- Born: 20 August 1864 Tarcento, Austrian Empire
- Died: 31 May 1931 (aged 66) Florence, Kingdom of Italy
- Known for: Angeli-Rimini reaction
- Scientific career
- Workplaces: University of Florence

= Angelo Angeli =

Italian chemist (1864–1931)

Angelo Angeli (20 August 1864 - 31 May 1931) was an Italian chemist. Angeli's salt and the Angeli–Rimini reaction are named after him.

== Scientific career ==
Angeli studied in Padua, where he met the chemist Giacomo Luigi Ciamician. When Ciamician moved to a new appointment in Bologna, he chose Angeli to work as his assistant, even before Angeli had graduated. In 1891, Angeli was awarded his doctorate in chemistry at Bologna. In 1893, he became a lecturer in Bologna, and in 1895, he became a professor. In 1894, he worked briefly in Munich with Adolf von Baeyer, learning medicinal chemistry. In 1897, he moved to the University of Palermo where he became Professor of Pharmaceutical Chemistry.

In 1913, Angeli became director of the Pharmacy School in Florence. In 1915, he became Professor of Organic Chemistry at the University of Florence (Istituto di Studi Superiori), a position that was created specifically for him.
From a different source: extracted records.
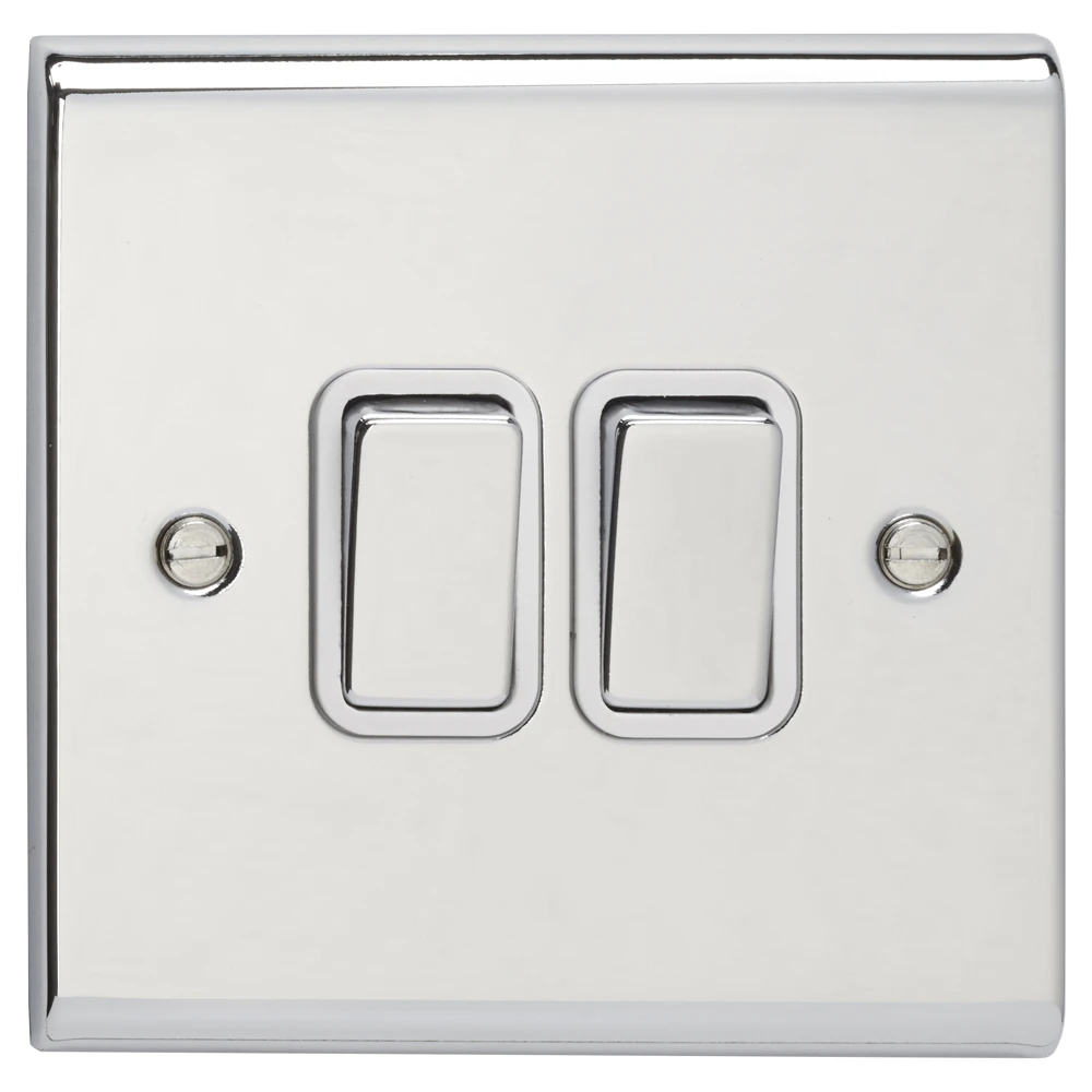 Deta Plate Switch 2 Gang 2 Way 10A Chrome White Insert
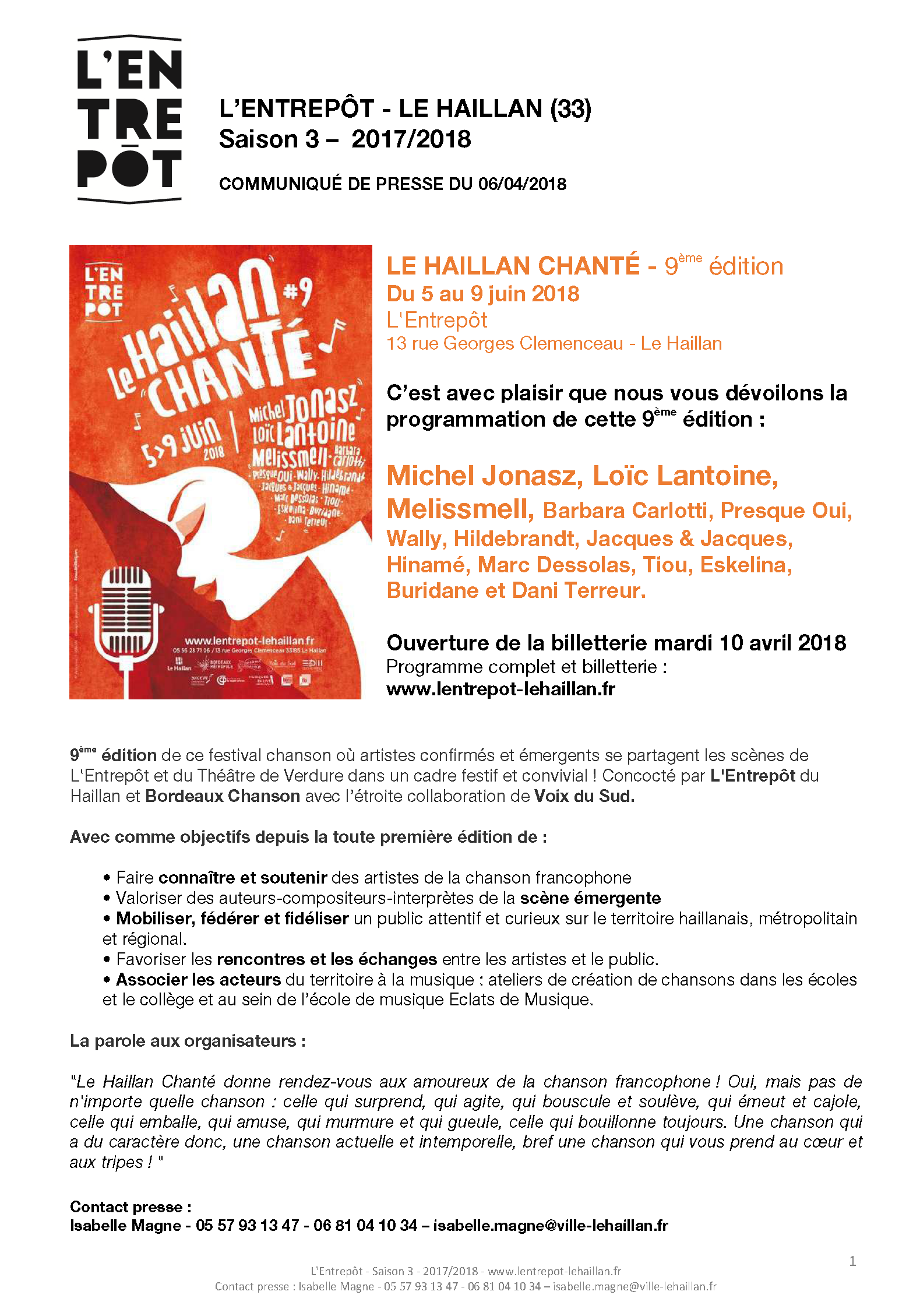 Accueil > Communiqués > LE HAILLAN CHANTÉ ! 9ème édition / du 5 au 9 juin 2018
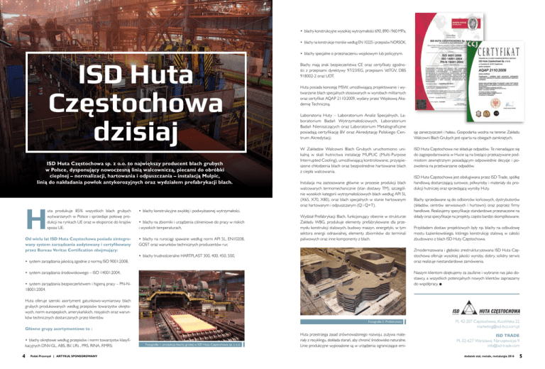 • blachy konstrukcyjne wysokiej wytrzymałości 690, 890 i 960 MPa, • blachy na konstrukcje morskie według EN 10225 i przepisów NORSOK, • blachy specjalne o przeznaczeniu wojskowym lub policyjnym. ISD Huta Częstochowa dzisiaj ISD Huta Częstochowa sp. z o.o. to największy producent blach grubych w Polsce, dysponujący nowoczesną linią walcowniczą, piecami do obróbki cieplnej – normalizacji, hartowania i odpuszczania – instalacją Mulpic, linią do nakładania powłok antykorozyjnych oraz wydziałem prefabrykacji blach. H uta produkuje 85% wszystkich blach grubych wytwarzanych w Polsce i sprzedaje połowę produkcji na rynkach UE oraz w eksporcie do krajów spoza UE. Od wielu lat ISD Huta Częstochowa posiada zintegrowany system zarządzania audytowany i certyfikowany przez Bureau Veritas Certification obejmujący: Blachy mają znak bezpieczeństwa CE oraz certyfikaty zgodności z przepisami dyrektywy 97/23/EG, przepisami VdTÜV, DBS 918002-2 oraz UDT. Huta posiada koncesję MSW, umożliwiającą projektowanie i wytwarzanie blach specjalnych stosowanych w wyrobach militarnych oraz certyfikat AQAP 2110:2009, wydany przez Wojskową Akademię Techniczną. Laboratoria Huty – Laboratorium Analiz Specjalnych, Laboratorium Badań Wytrzymałościowych, Laboratorium Badań Nieniszczących oraz Laboratorium Metalograficzne posiadają certyfikację BV oraz Akredytację Polskiego Centrum Akredytacji. W Zakładzie Walcowni Blach Grubych uruchomiono unikalną w skali hutnictwa instalację MUPLIC (Multi-Purpose Interrupted Cooling), umożliwiającą kontrolowane, przyspieszone chłodzenia blach oraz bezpośrednie hartowanie blach z ciepła walcowania. Instalacja ma zastosowanie głównie w procesie produkcji blach walcowanych termomechanicznie (stan dostawy TM), szczególnie wysokich kategorii wytrzymałościowych blach według API 5L (X65, X70, X80), oraz blach specjalnych w stanie hartowanym oraz hartowanym i odpuszczanym (Q i Q+T). • blachy konstrukcyjne zwykłej i podwyższonej wytrzymałości, • blachy na zbiorniki i urządzenia ciśnieniowe do pracy w niskich i wysokich temperaturach, • blachy na rurociągi spawane według norm API 5L, EN10208, GOST oraz warunków technicznych producentów rur, Wydział Prefabrykacji Blach, funkcjonujący obecnie w strukturze Zakładu WBG, produkuje elementy prefabrykowane dla przemysłu konstrukcji stalowych, budowy maszyn, energetyki, w tym sektora energii odnawialnej, elementy zbiorników do terminali paliwowych oraz inne komponenty z blach. • system zarządzania jakością zgodnie z normą ISO 9001:2008, • system zarządzania bezpieczeństwem i higieną pracy – PN-N18001:2004. Huta oferuje szeroki asortyment gatunkowo-wymiarowy blach grubych produkowanych według przepisów towarzystw okrętowych, norm europejskich, amerykańskich, rosyjskich oraz warunków technicznych dostarczanych przez klientów. Fotografia 2: Prefabrykaty Główne grupy asortymentowe to : Polski Przemysł | ARTYKUŁ SPONSOROWANY ISD Huta Częstochowa jest obsługiwana przez ISD Trade, spółkę handlową dostarczającą surowce, półwyroby i materiały do produkcji hutniczej oraz sprzedającą wyroby Huty. Blachy sprzedawane są do odbiorców końcowych, dystrybutorów (składów, centrów serwisowych i hurtowni) oraz poprzez firmy handlowe. Realizujemy specyfikacje standardowe przeznaczone na składy oraz specyfikacje na projekty, często bardzo skomplikowane. Przykładem dostaw projektowych były np. blachy na odbudowę mostu Łazienkowskiego, którego konstrukcję stalową w całości zbudowano z blach ISD Huty Częstochowa. Naszym klientom dziękujemy za zaufanie i wybranie nas jako dostawcy, a wszystkich potencjalnych nowych klientów zapraszamy do współpracy. ■ • system zarządzania środowiskowego – ISO 14001:2004, 4 ISD Huta Częstochowa nie składuje odpadów. Te nienadające się do zagospodarowania w Hucie są na bieżąco przekazywane podmiotom zewnętrznym posiadającym odpowiednie decyzje i pozwolenia na przetwarzanie odpadów. Zmodernizowana i głęboko zrestrukturyzowana ISD Huta Częstochowa oferuje wysokiej jakości wyroby, dobry, solidny serwis oraz realizuje niestandardowe zamówienia. • blachy trudnościeralne HARTPLAST 300, 400, 450, 500, • blachy okrętowe według przepisów i norm towarzystw klasyfikacyjnych DNV-GL, ABS, BV, LR’s , PRS, RINA, RMRS; sję zanieczyszczeń i hałasu. Gospodarka wodna na terenie Zakładu Walcowni Blach Grubych jest oparta na obiegach zamkniętych. Fotografia 1: produkcja blachy grubej w ISD Huta Częstochowa sp. z o.o. Huta przestrzega zasad zrównoważonego rozwoju, zużywa materiały z recyklingu, dokłada starań, aby chronić środowisko naturalne. Linie produkcyjne wyposażone są w urządzenia ograniczające emi- PL 42-207 Częstochowa, Kucelińska 22 [email protected] ISD TRADE PL 02-627 Warszawa, Naruszewicza 9 [email protected] dodatek stal, metale, metalurgia 2016 5
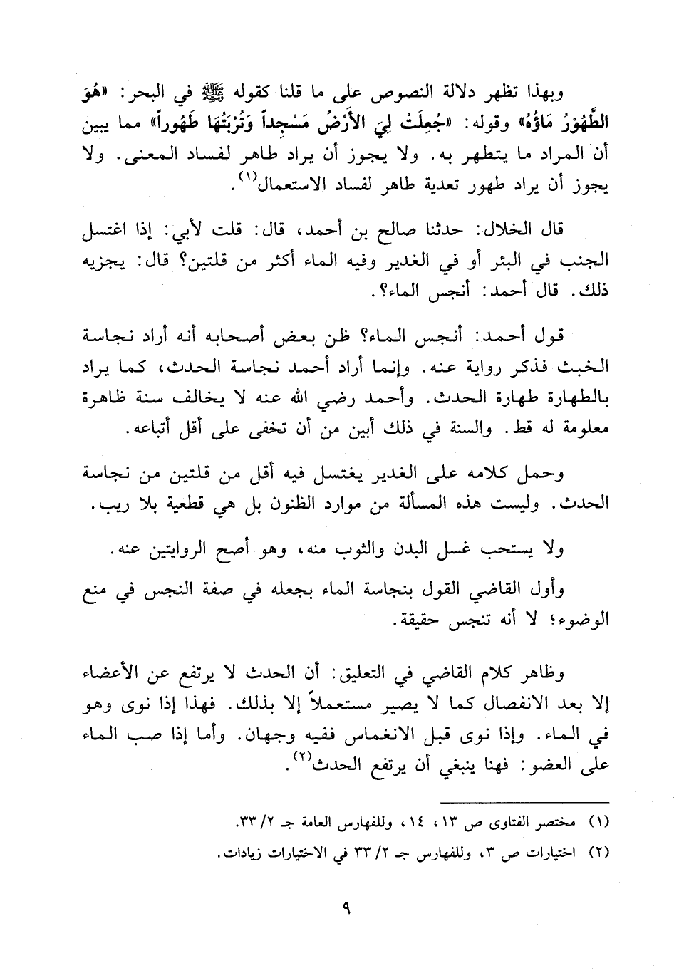 قول أحمد: أنجس الماء؟ ظن بعض أصحابه أنه أراد نجاسة الخبث فذكر رواية عنه: وإنما أراد أحمد نجاسة الحدث، كما يراد بالطهارة طهارة الحدث، وأحمد رضي الله عنه لا يخالف سنة ظاهرة معلومة له قط، والسنة في ذلك أبين من أن تخفى على أقل أتباعه.
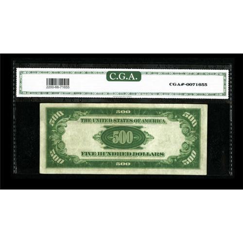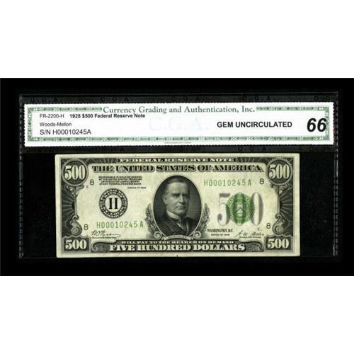 <B>Fr. 2200-H $500 1928 Federal Reserve Note. CGA Gem Uncirculated 66.</B></I><BR> This St. Louis $500 FRN has been awarded a lofty grade.<BR><BR><b>Shipping:</b> Coins & Currency (<a target="_blank" href="http://www.heritageauctions.com/common/shipping.php">view shipping information</a>)
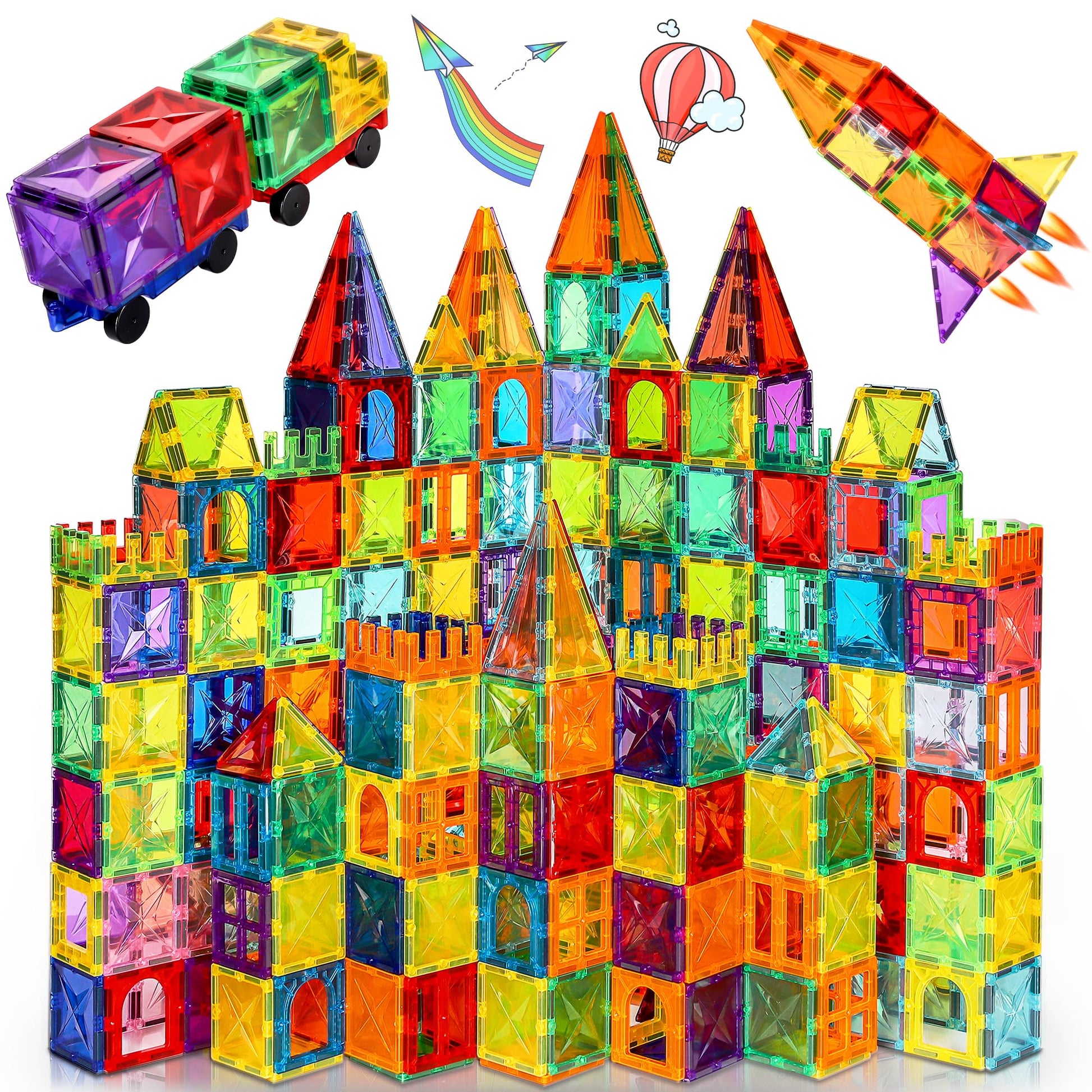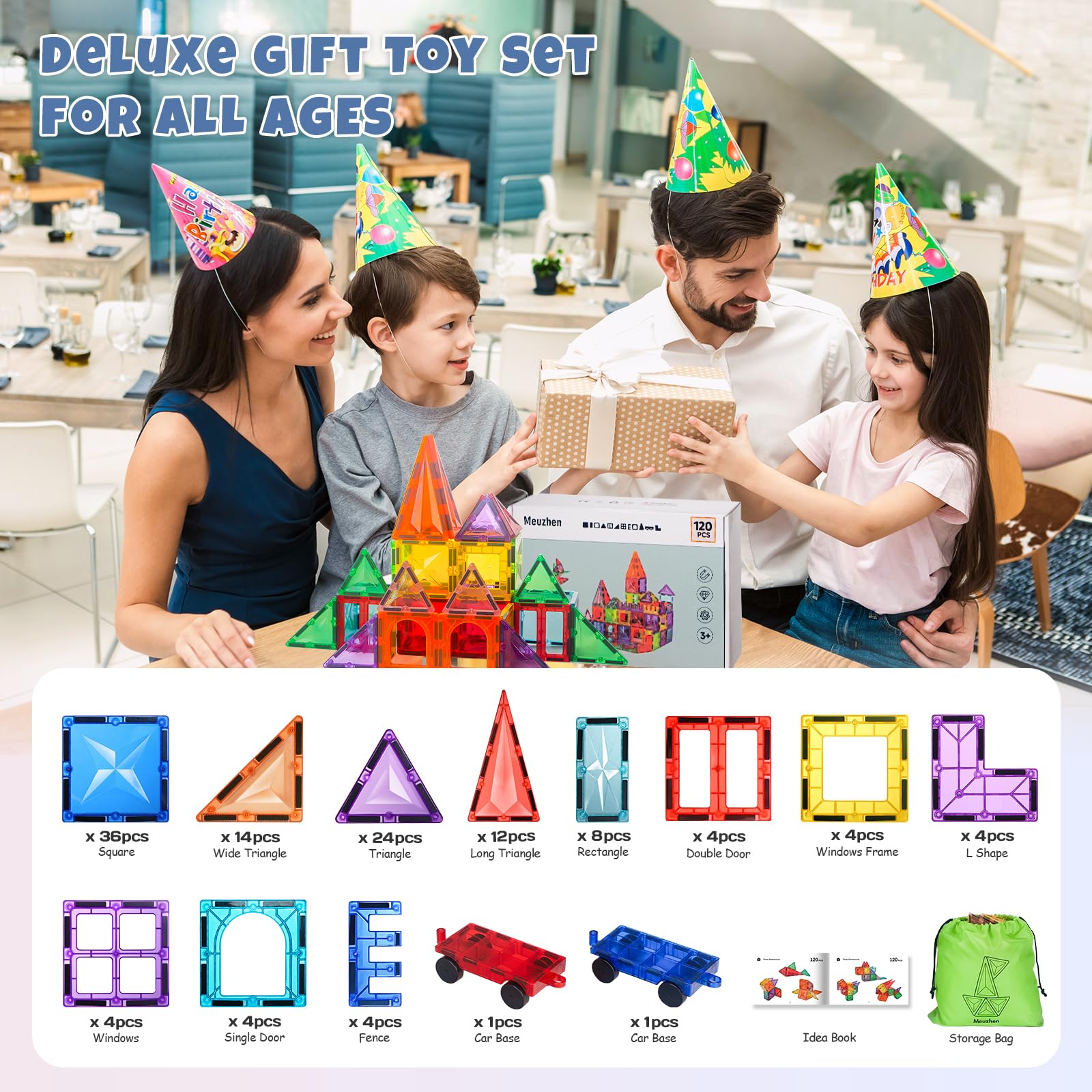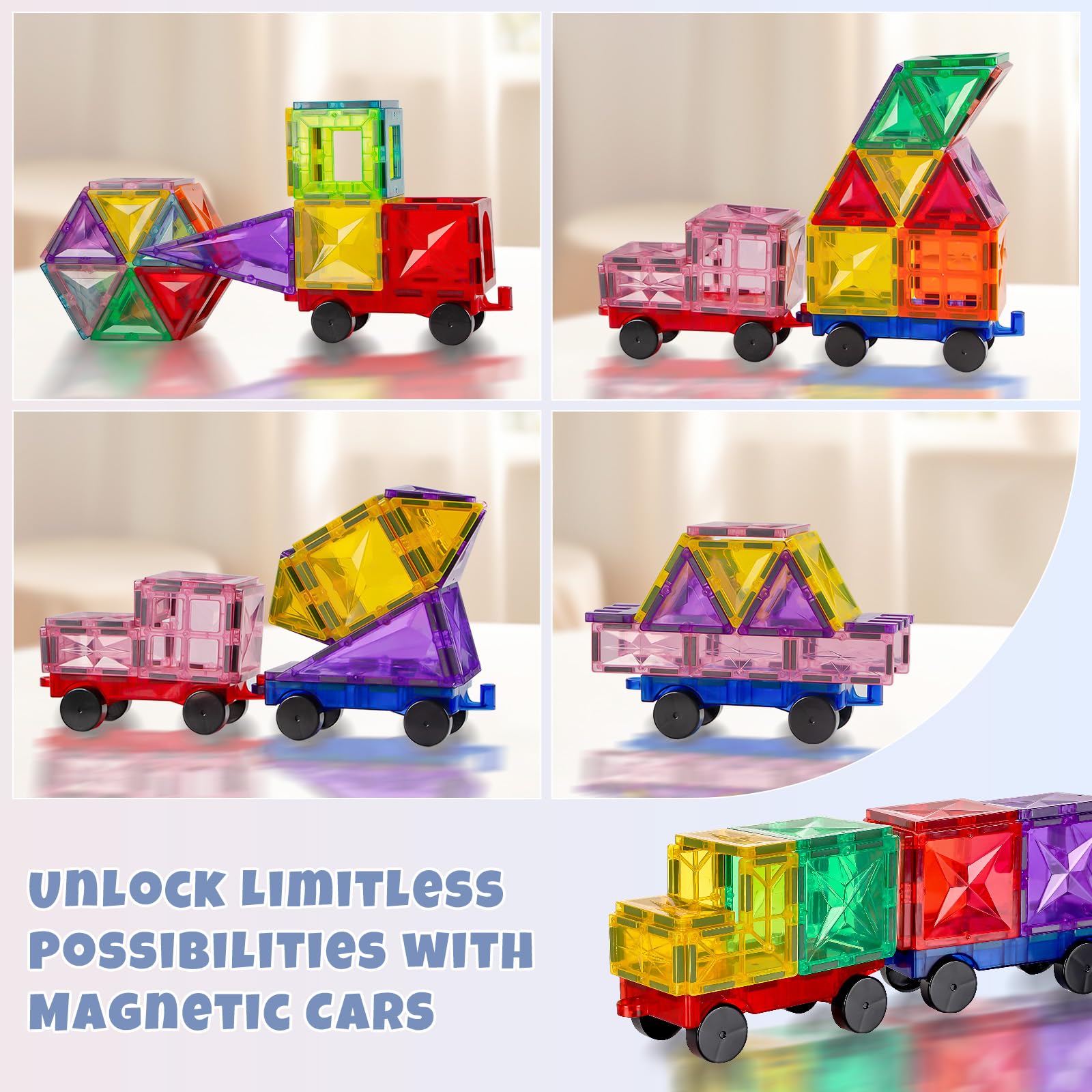 Meuzhen 120Pcs Magnetic Tiles with 2 Cars Toy Set, Diamond Magnet Tiles 3D Building Blocks, Toddler Montessori Toys for 3 4 5 6 Years, STEM Preschool Kids Sensory Educational Toys Gift for Boys Girls

Angeli focused on nitrogen compounds. He investigated the structure of hydrazoic acid, synthesised nitrohydroxylamine (1894), and discovered the nitroxyl radical. The Angeli-Rimini reaction (1896) for the detection of aldehydes was named after him and his student Enrico Rimini. He discovered sodium trioxodinitrate, which is known as Angeli's salt. He confirmed the structure of the camphor which had been by proposed by Julius Bredt in 1893.

He was a member of the Accademia dei Lincei, the Royal Society of Sciences in Uppsala (1919) and the Bavarian Academy of Sciences (1928) and an honorary member of the German Chemical Society.